--- SUPPLIED INFORMATION ---

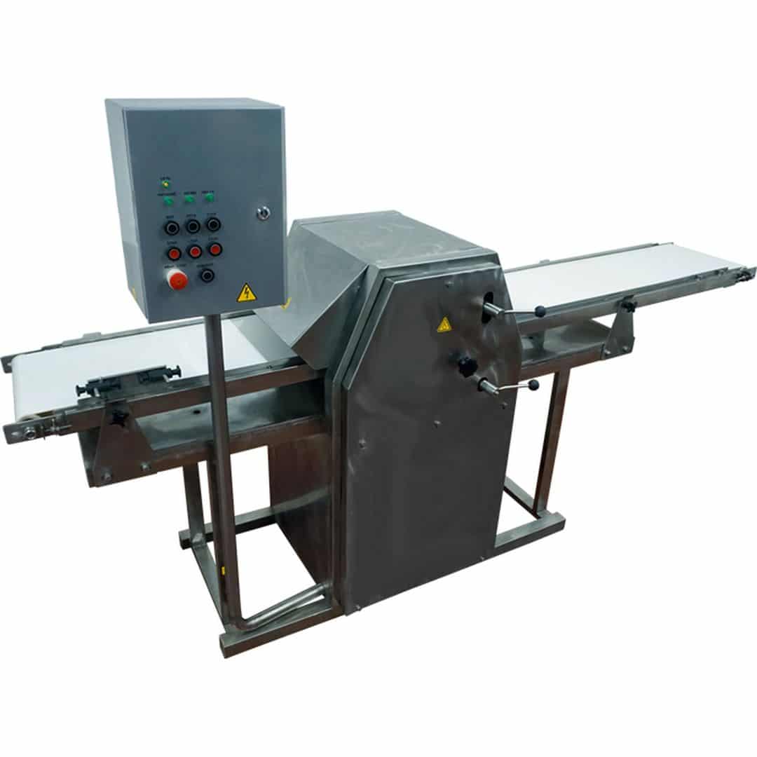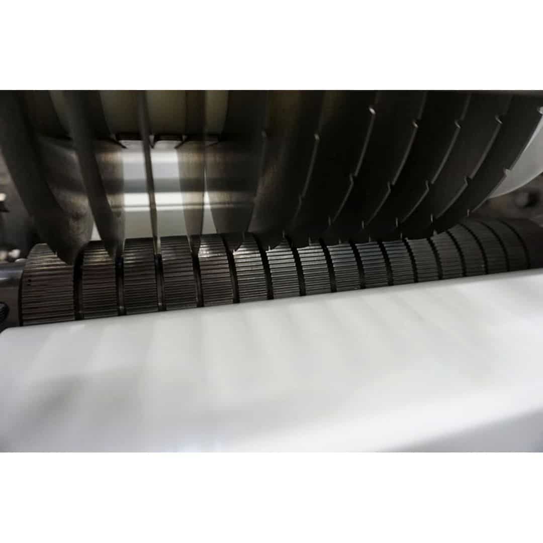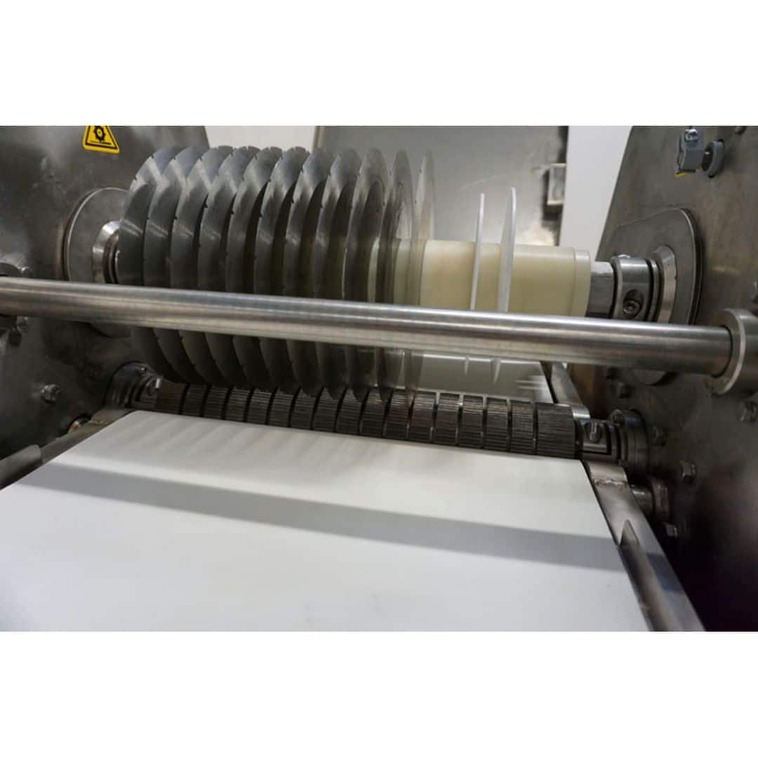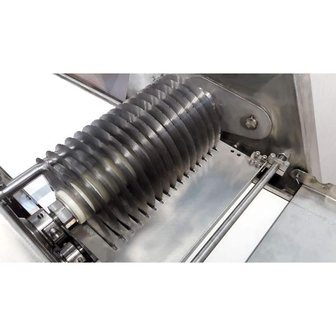 Подача и отведение продукта осуществляется при помощи двух отдельных съемных транспортеров, которые не имеют контакта с ножами. Продукт подается к режущему механизму подводящим транспортером, попадает на вращающийся синхронно с ножами упорный вал и проходит через блок дисковых ножей. Нарезанный продукт попадает на отводящий транспортер.
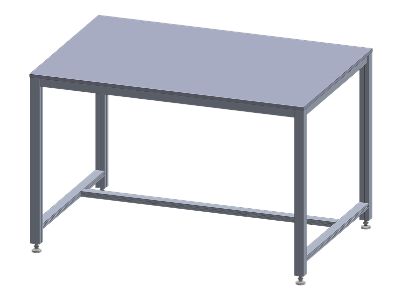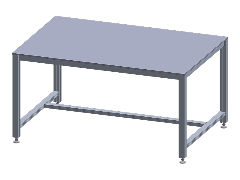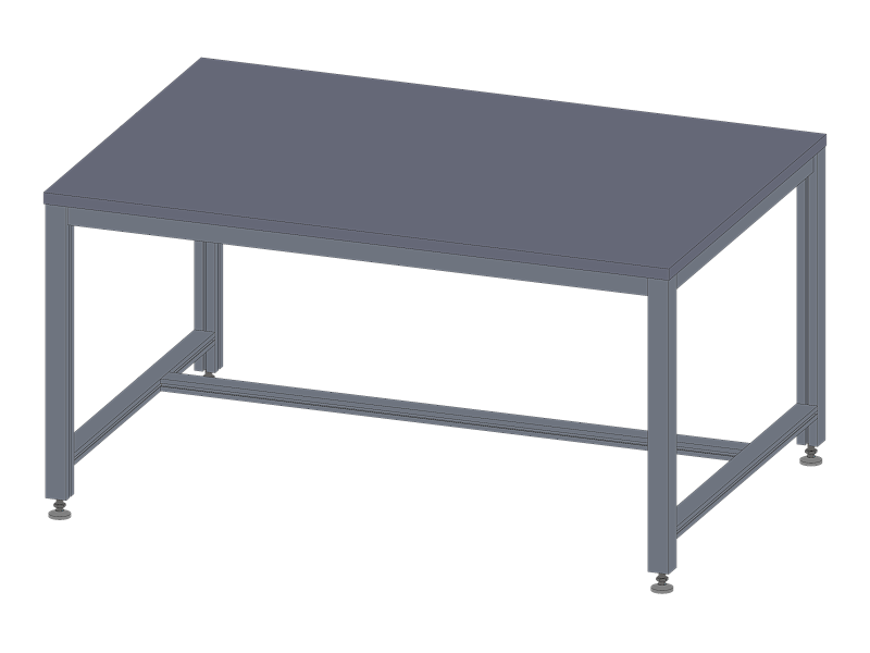 Rámy stolů jsou vyráběny z hliníkových profilů 30x60mm a nohy z profilů o rozměru 40x40mm. Spoje mezi jednotlivými profily jsou provedeny pomocí ocelových zinkovaných PVS spojek. K rámu stolů jsou pomocí štoubů uchyceny desky stolů. Tyto desky jsou vyrobeny z laminovaných dřevotřískových desek (LTD) tloušťky 18mm a jejich boky jsou chráněny plastovými ABS lištami.
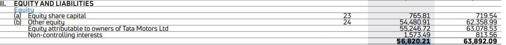 Now, if check the Balance sheet will get the TML total shareholder’s equity, check out the below snapshot:
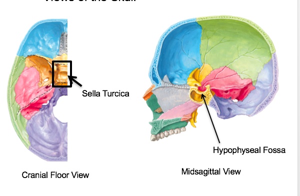 _Pituitary sits in the sella turcica (turkish saddle) of the sphenoid bone..

---

Within the listing above, print exactly the stretch beginning at the line that contains "Rámy stolů jsou" and finishing at the line that contains "Now, if check", ends kept, pictures left out, and nothing more.

 Rámy stolů jsou vyráběny z hliníkových profilů 30x60mm a nohy z profilů o rozměru 40x40mm. Spoje mezi jednotlivými profily jsou provedeny pomocí ocelových zinkovaných PVS spojek. K rámu stolů jsou pomocí štoubů uchyceny desky stolů. Tyto desky jsou vyrobeny z laminovaných dřevotřískových desek (LTD) tloušťky 18mm a jejich boky jsou chráněny plastovými ABS lištami.
 Now, if check the Balance sheet will get the TML total shareholder’s equity, check out the below snapshot:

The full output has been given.